*Task objective:* Output all the data exactly. Pictures do not belong in the copy.

*Stored data:*
###

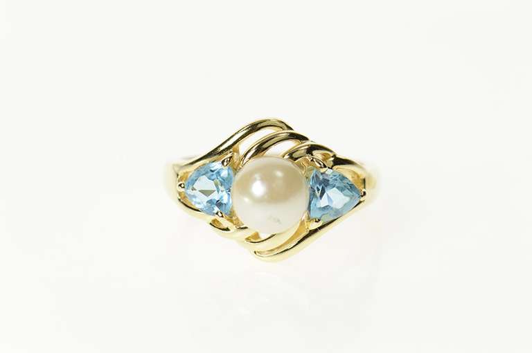 You are bidding on a 14K Yellow Gold Pearl Blue Topaz Accent Statement Wavy Ring. This item has a composition of 14k Gold Marked. The center gemstone is 1x=Pearl. This is beautifully accented with 2x=Blue Topaz. The item's condition is Estate:Good. This item has a weight of 4.7 grams. We would consider this piece to be Vintage. This ring is size 6.75.
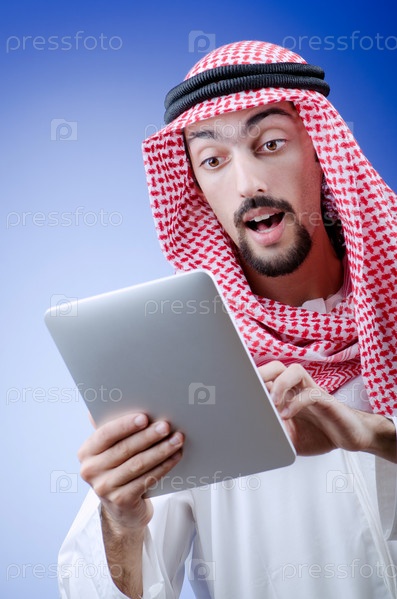 Портрет молодого араба с планшетным компьютером
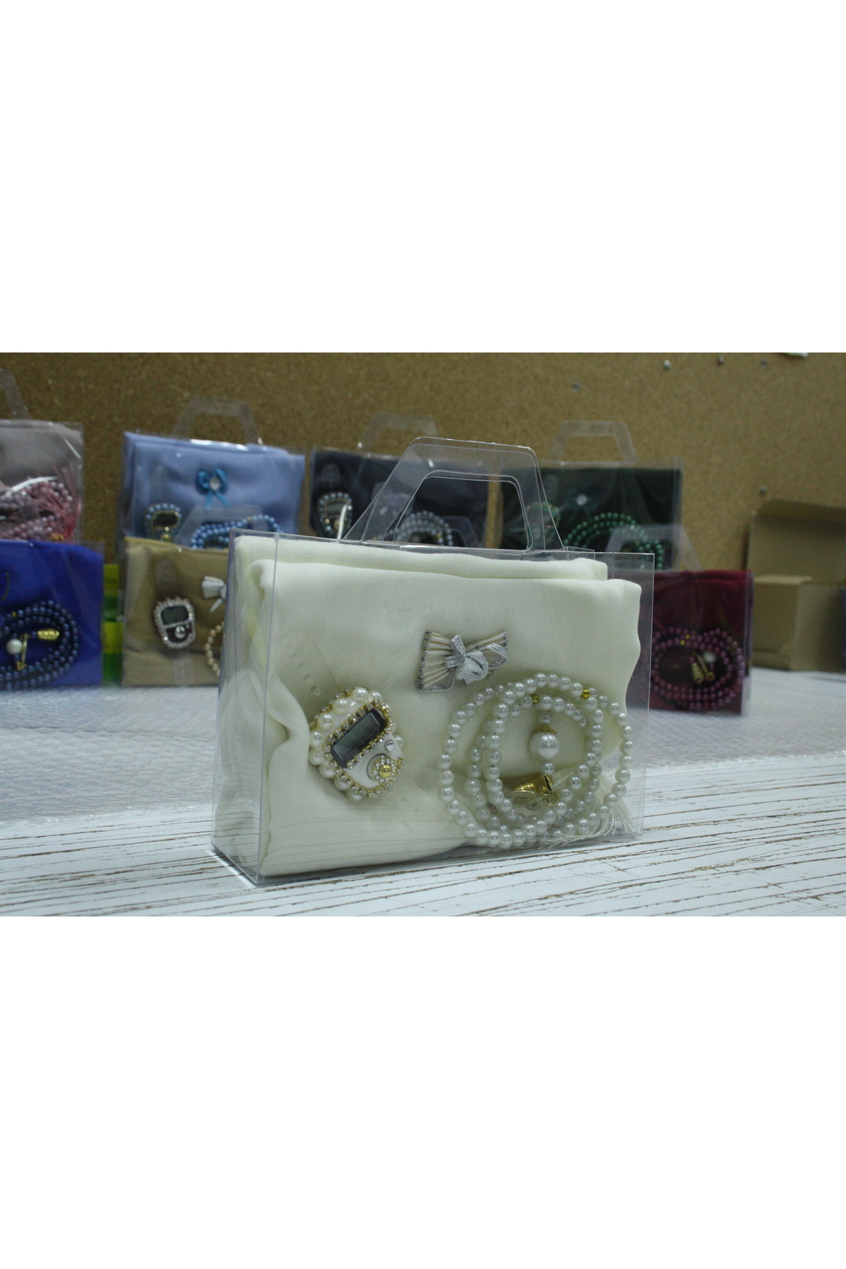 15 'li Başörtü Seti Taşlı Zikirmatik İnci Tesbih Çeyizlik Seti
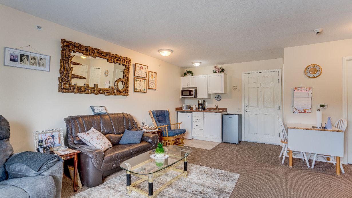 Spacious assisted living suites provide the perfect setting for seniors who are self-sufficient and enjoy their privacy, but need help with daily activities like meal preparation, cleaning, and laundry. Our caring and friendly staff offer the right amount of help for each resident. Each suite includes an open living area, a kitchenette with a small fridge, microwave, and sink, along with a separate bedroom and a large, fully accessible bathroom.

###

*Result for this task:*
 You are bidding on a 14K Yellow Gold Pearl Blue Topaz Accent Statement Wavy Ring. This item has a composition of 14k Gold Marked. The center gemstone is 1x=Pearl. This is beautifully accented with 2x=Blue Topaz. The item's condition is Estate:Good. This item has a weight of 4.7 grams. We would consider this piece to be Vintage. This ring is size 6.75.
 Портрет молодого араба с планшетным компьютером
 15 'li Başörtü Seti Taşlı Zikirmatik İnci Tesbih Çeyizlik Seti
 Spacious assisted living suites provide the perfect setting for seniors who are self-sufficient and enjoy their privacy, but need help with daily activities like meal preparation, cleaning, and laundry. Our caring and friendly staff offer the right amount of help for each resident. Each suite includes an open living area, a kitchenette with a small fridge, microwave, and sink, along with a separate bedroom and a large, fully accessible bathroom.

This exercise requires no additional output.